Next, we explored the impact of modulating FOXM1 transcriptional activity on CDK1 mRNA levels. We took advantage of the FOXM1 inhibitor FDI-6, which prevents FOXM1 from binding to its target DNA and blocks downstream gene transcription [57, 58](Suppl. Figure 3a). NHK treatment with 30 μM FDI-6 did not significantly alter cell-cycle phase distribution (Suppl. Figure 3b), but it led to a marked reduction in FOXM1 protein levels (Fig. 2c). Consistently, a reduction in FOXM1 target genes, such as CCNB1 and H1B, has been observed (Fig. 2d). Notably, also CDK1 expression was diminished, suggesting a direct transcriptional regulatory role of FOXM1 on CDK1 (Fig. 2d, orange bars).

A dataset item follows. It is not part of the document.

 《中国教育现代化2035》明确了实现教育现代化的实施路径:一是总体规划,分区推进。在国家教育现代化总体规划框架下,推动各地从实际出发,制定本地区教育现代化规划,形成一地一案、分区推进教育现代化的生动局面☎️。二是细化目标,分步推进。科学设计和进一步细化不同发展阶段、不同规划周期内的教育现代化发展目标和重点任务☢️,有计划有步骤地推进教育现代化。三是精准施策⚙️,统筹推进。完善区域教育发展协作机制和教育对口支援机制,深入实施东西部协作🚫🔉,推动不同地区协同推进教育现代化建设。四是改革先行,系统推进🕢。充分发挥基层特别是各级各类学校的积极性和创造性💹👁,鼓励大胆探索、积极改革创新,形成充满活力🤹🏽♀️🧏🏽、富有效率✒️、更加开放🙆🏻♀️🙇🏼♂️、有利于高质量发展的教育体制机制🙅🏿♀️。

Interestingly, FOXM1 mRNA levels were also reduced (Fig. 2d, light blue bars), supporting the existence of an auto-regulatory feedback loop for FOXM1. This observation is in line with previous reports showing that transcriptional inhibitors, such as Siomycin A and Thiostrepton, similarly reduce FOXM1 activity and expression [34, 59]. Furthermore, it has been shown that disruption of specific FOXM1 binding sites (− 745/−738 bp) significantly diminishes FOXM1 promoter activity, emphasizing the importance of this region in FOXM1 auto-regulation [59, 60]. Further investigation is necessary to determine whether the reduction in FOXM1 protein levels following FDI-6 treatment is due to decreased transcription or alteration in protein stability.

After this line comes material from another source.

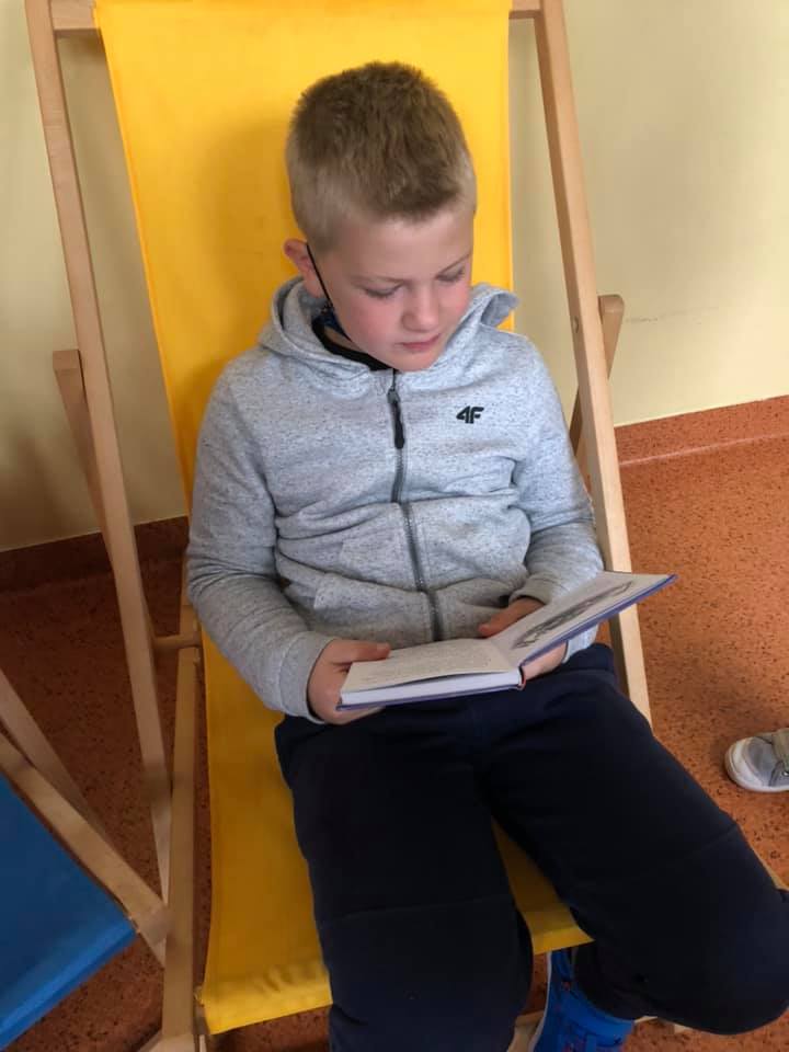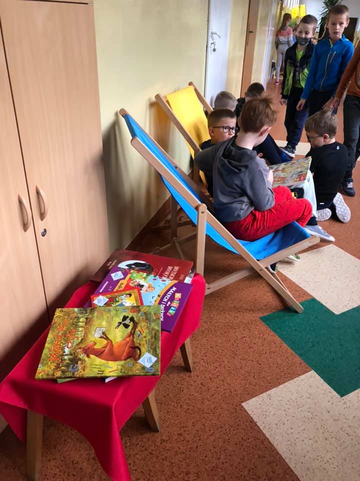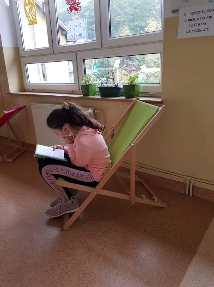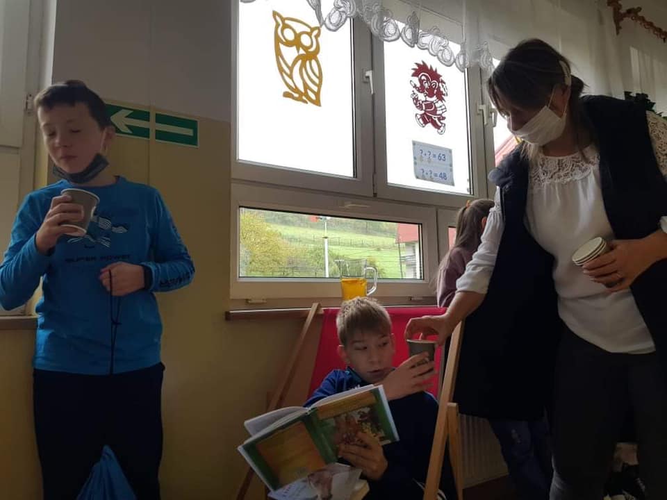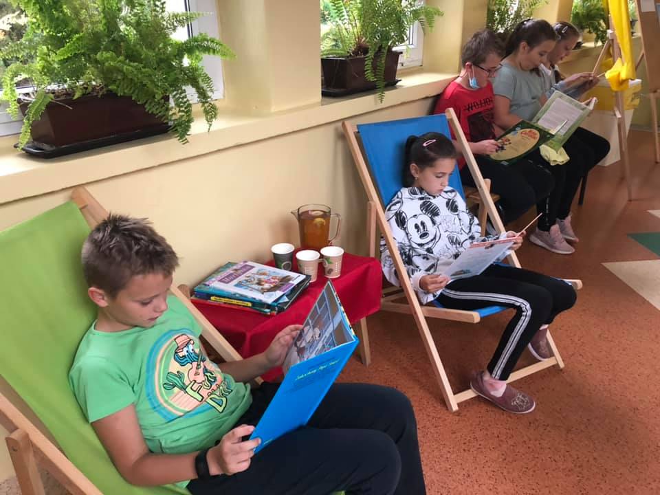 uczniowie wygodnie rozsiedli się na leżakach, popijali pyszną, jesienną herbatę z imbirem i oddawali się ciekawej lekturze.

Treatment with the CDK1 inhibitor CYC also resulted in a reduction in CDK1 mRNA levels, although CDK1 protein levels remained unchanged (Fig. 1f, h). This observation suggests that the inhibition of FOXM1 activity caused by CYC treatment may also indirectly affect CDK1 mRNA levels. Collectively, these findings support the notion that FOXM1 and CDK1 are engaged in a feedforward regulatory loop. FOXM1 enhances the transcription of CDK1, which in turn phosphorylates and activates FOXM1, leading to increased transcriptional activity. This loop might have a crucial role in the FOXM1-dependent regulation of genes associated with EPSCs self-renewal.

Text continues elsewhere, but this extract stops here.